Protesters gathered at the Oklahoma Capitol Saturday to push back against the so-called “Tax Cuts and Jobs Act,” passed at 1:50 in the morning Dec. 2 in the U.S. Senate.
The bill is now with a conference committee to harmonize the Senate and House versions. Both houses will have to vote on the report before it goes to the President.
Opponents are still hopeful they can pressure Congress on the final vote.
If passed, it will give large tax cuts to the richest Americans and corporations.
The event was called “Tax bill blowback rally” and was organized by the advocacy group, Indivisible Oklahoma.
“I don’t think the senators or Congress people from Oklahoma have our best interests at heart,” said Jonathan Serna who made his own sign. “They are a mechanism for extreme partisanship to the detriment of all of us.”
Oraynab Jwayyed spoke to hundreds who cheered her speech that was sharply critical not only of Oklahoma’s two Republican Senators, but also the Oklahoma Legislature that is controlled by a super majority of Republicans.

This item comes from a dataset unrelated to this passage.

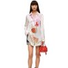 camisa dobrada confeccionada em popeline leve de algodão listrado.
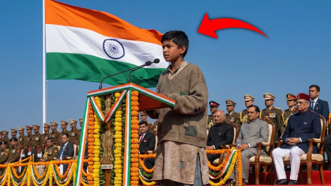 “मैं आज आपसे गणतंत्र के बारे में बात करने आया हूँ। मैंने इसे किताबों में नहीं पढ़ा, मैंने इसे सड़कों पर जिया है। मेरी दादी कहती हैं कि हमारा देश आज़ाद है, लेकिन जब हमारी झुग्गी तोड़ी जाती है और हम रोते हैं, तो कोई हमें सुनता नहीं। क्या वह आज़ादी सिर्फ बड़े घरों के लिए है?”

“We have a government that is so inefficient or willing to cave into pressure by lobbyists that it can’t even draft a budget to pay for basic services to the vulnerable and needy,” she said.
“Just look at the national spectacle Oklahoma’s Legislature has become. After eight weeks, two whole months of grueling committee and floor meetings, Republicans were unwilling to tax corporations to save our state,” Jwayyed said to cheers and shouts from the crowd.

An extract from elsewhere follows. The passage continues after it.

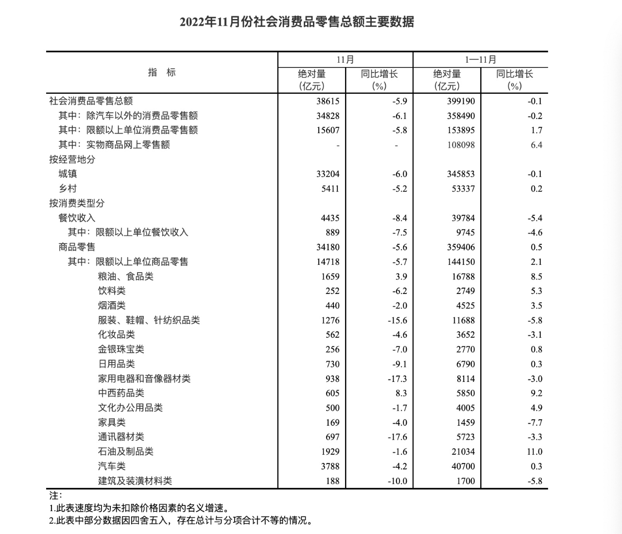 国家统计局数据显示,2022年1月至11月,化妆品零售总额为3652亿元,同比下滑3.1%。单独看11月,化妆品零售总额为562亿元,同比下滑4.6%。

She accused the Republican Party in Oklahoma of “tunnel vision” in their inability to pass a tax increase on big businesses to pay for state services so many count on.
Jwayyed characterized the national and state Republican argument: “Help the corporations and they in turn will help the people.”
“Well that strategy did not work under Reagan, it hasn’t worked in Kansas, and it sure as hell won’t work here or now.”
Sarah Harvey held a sign that said, “They’re robbing you blind!”
Harvey said she is a cancer survivor and doesn’t see how she will be able to survive without the Medicare she will start receiving in a few months.
She was referring to statements by some Republicans that the next thing will be to reduce Medicare, Medicaid and Social Security.
Harvey is in the Edmond Democratic Women organization, an unusual but growing group for a suburb of Oklahoma City widely known for years as a haven for far-right political thinking.
Tim O’Connor, President of the Central Oklahoma Labor Federation, closed the rally mocking Present Donald Trump’s recent comments about the tax cut being a Christmas gift to the American people.
“This bill is simply a lump of coal to people across the country.”
“The only real gift is major tax giveaways to Wall Street, big corporations and the super-rich, when what we really need is an investment in our schools and infrastructure that create jobs,” said O’Connor to cheers and hoots from the crowd.
He closed by leading rally-goers line by line in a pledge as they raised their clenched fists:
- I will not lie down.
- I will not go quietly.
- I will not submit.
- I will not roll over.
- I will not comply.
- I will not shut up.
- I will not sit down.
- I will stand up.
- And I will fight back against the tax on working families.
Free Press talked with him after his speech about the bill.
“There’s nothing in there for working families. It’s just slanted for tax cuts to corporations,” said O’Connor.